10 – Escute. Não esqueça o poder da raiva. Raiva pode ser um sentimento poderoso demais para que você consiga canaliza-la individualmente. É construindo no coletivo que as melhores soluções surgem. E aprenda a não silenciar a raiva do/a outro/a com a sua raiva. Não caia nas armadilhas do ego. Você não é o centro do mundo e as opressões não podem ser hierarquizadas. Somos todos seres interdependentes e interconectados. Reproduzimos nós também as estruturas de opressão social. Se nos investigarmos de forma minuciosa, honesta, encontraremos o sexismo, racismo e elitismo dentro de nós. Temos, com urgência, que aprender com a raiva alheia. 

Aprender com a raiva alheia é também perceber que a maioria de nós, brancos, quando vai refletir sobre a conjuntura em que nos encontramos, buscando construir estratégias para fazer frente a este estado de coisas, procura as soluções nas mesmas fontes de sempre. Seguimos procurando em intelectuais homens, brancos e, não raro, europeus, soluções para problemas causados por homens, brancos e, não raro, europeus.

Cegados por nossos próprios preconceitos, por nosso próprio autoritarismo (a hierarquizar seres humanos e reconhecer conhecimento em uma pequena fatia deles), deixamos de buscar respostas para os nossos problemas nos homens e – principalmente – mulheres negras que sempre conseguiram sobreviver ao estado de exceção permanente que nós, também opressores, temos produzido e reproduzido ao longo do tempo.

Por isso perca o medo da raiva alheia. Leia Audre Lorde, bell hooks. Grada Kilomba. Djamila, Sueli e Conceição Evaristo.
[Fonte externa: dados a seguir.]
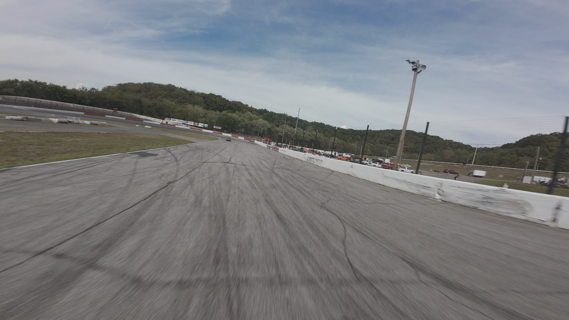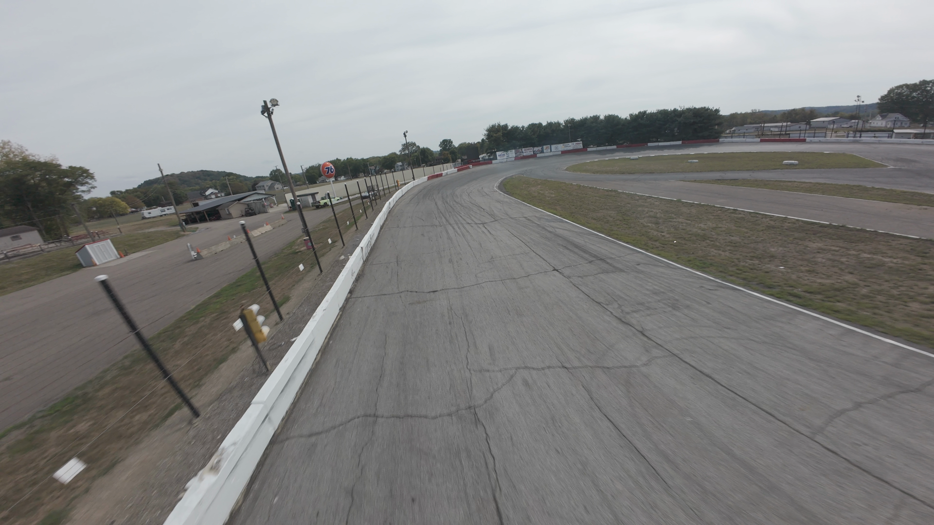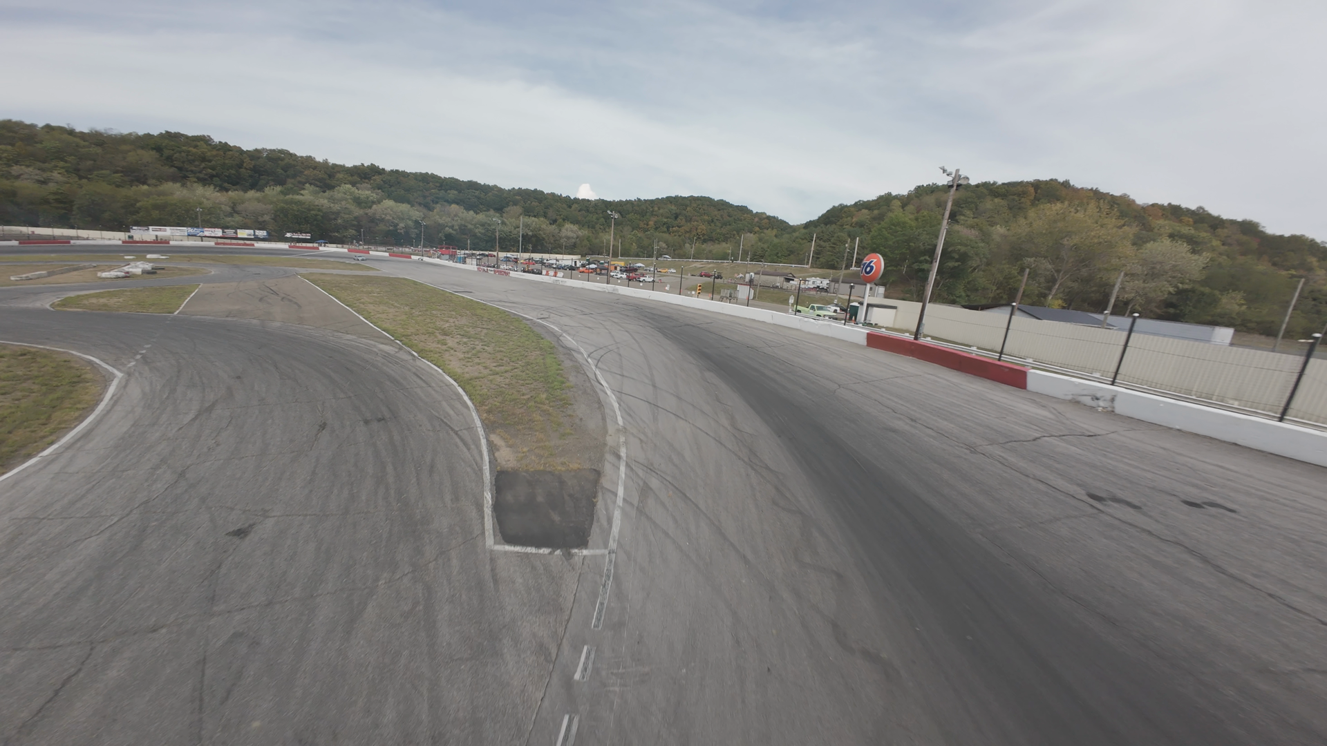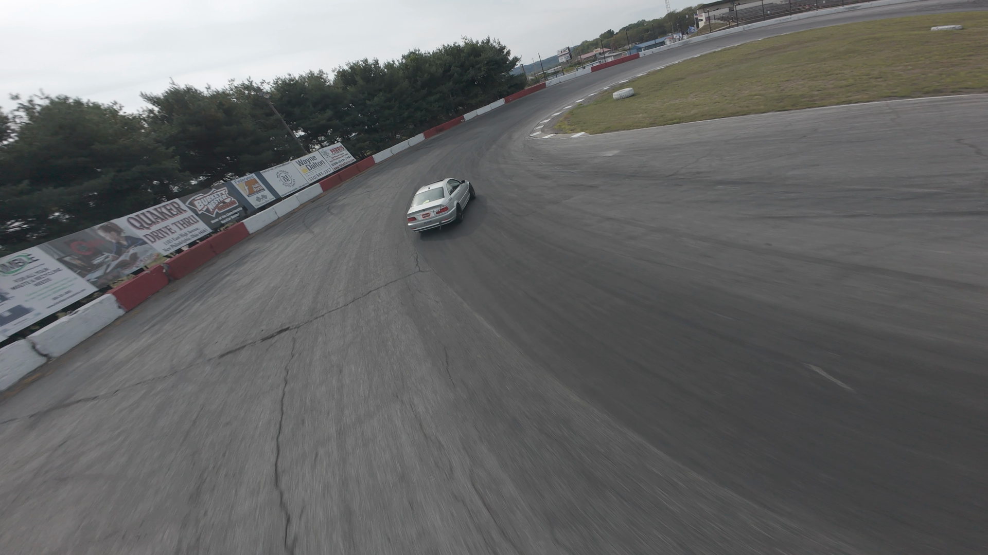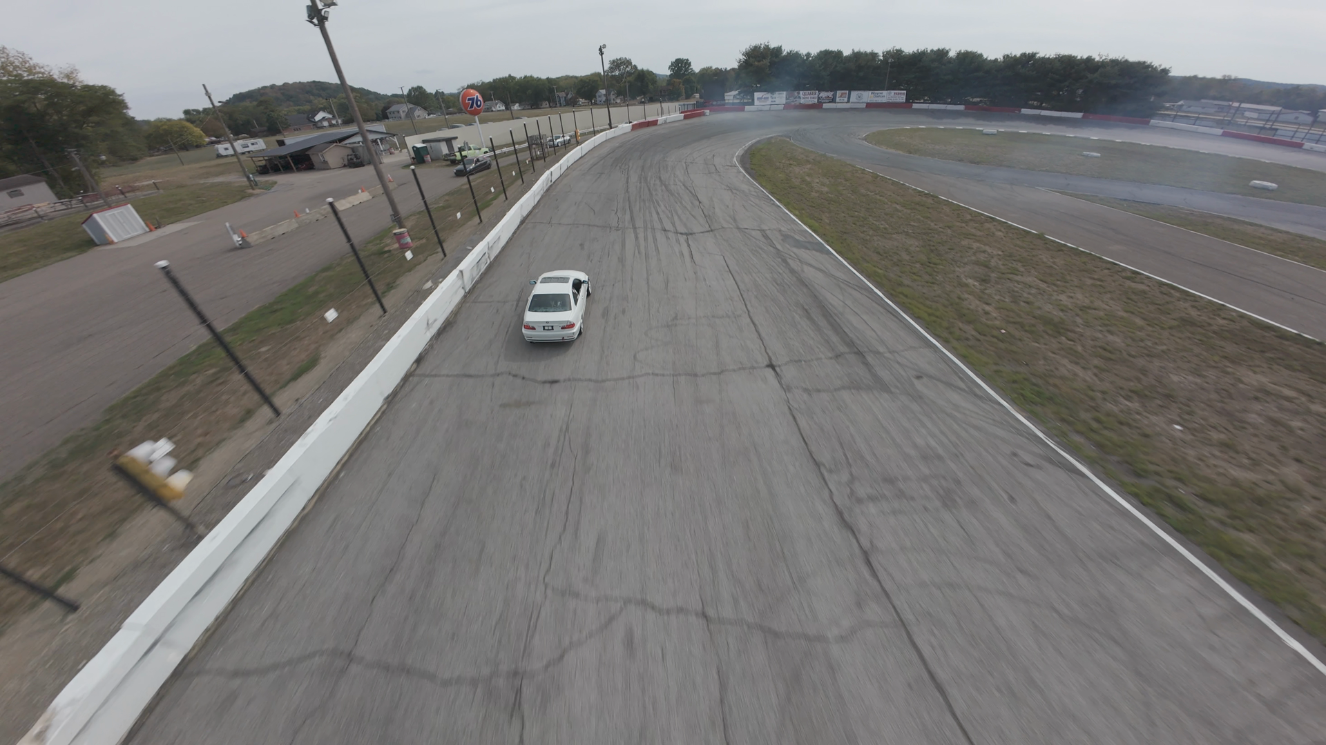 The image shows an aerial view of a white car traveling at high speed on a smooth asphalt race track surrounded by grassy patches and a concrete barrier. The track is devoid of other vehicles or racers. The scene captures the car's tire tracks on the road, and in the background, a few structures and overcast skies are visible. The car is stationary in the frame, as it appears in the process of racing or preparing for a session. The surrounding area is quiet, with no other activity noticeable in the image, suggesting a single-vehicle practice or race moment.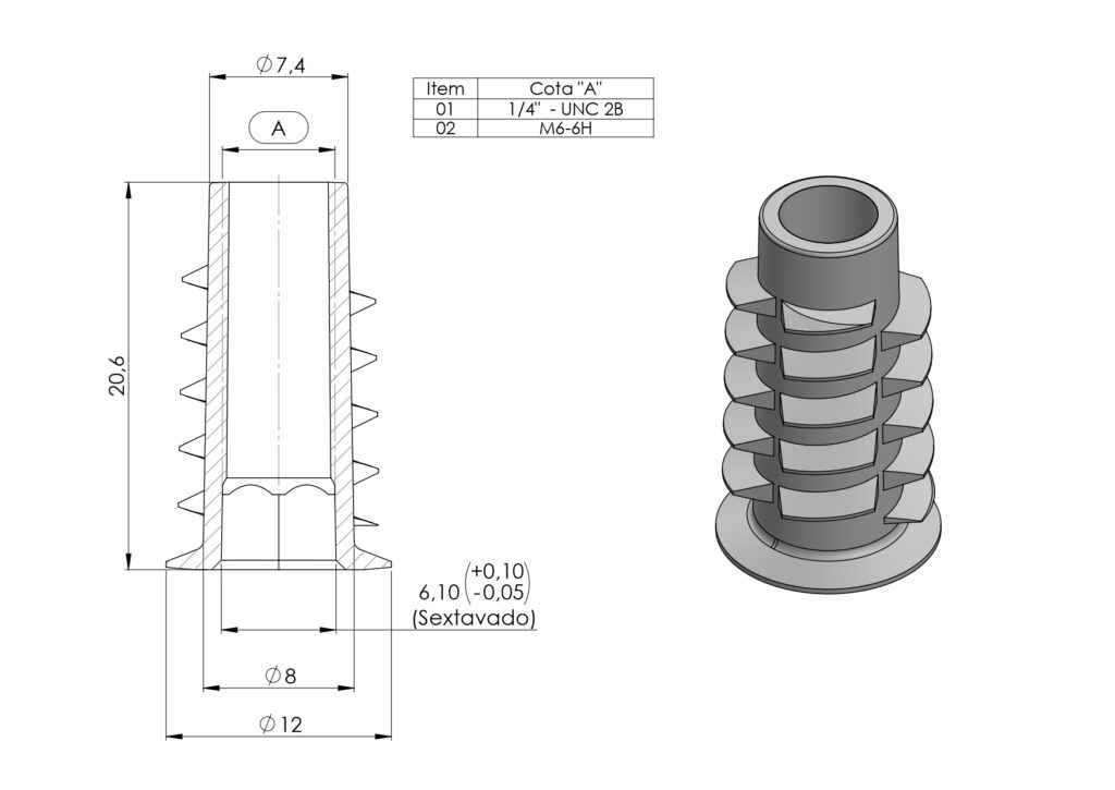 BUCHA AMERICANA M6X20mm G2

Se queremos fazer frente ao ódio irracional que se multiplica na sociedade brasileira, buscando formas de resistência e de re-existencia, temos que aprender com elas. Estimularmos umas às outras – e uns aos outros também – a manifestar a nossa raiva, como única forma de construir uma sociedade mais justa e igualitária, livre de opressões.

Como lembra Audre Lorde,

“toda mulher tem um arsenal bem guardado de raiva potencialmente útil contra aquelas opressões, pessoal e institucional, que fez com que aquela raiva existisse. Focadas com precisão elas podem se tornam poderosas fontes de energia servindo o progresso e mudança. E quando eu falo de mudança, eu não quero dizer a simples mudança de posições ou uma diminuição temporária das tensões, ou a habilidade de sorrir e se sentir bem. Eu estou falando da alteração básica e radical dessas presunções que sublinham as nossas vidas (…). Eu não sou livre enquanto outras mulheres são prisioneiras, mesmo quando as amarras delas são diferentes das minhas. E eu não sou livre enquanto outra pessoa de Cor permanece acorrentada. Nem nenhuma de vocês é.”.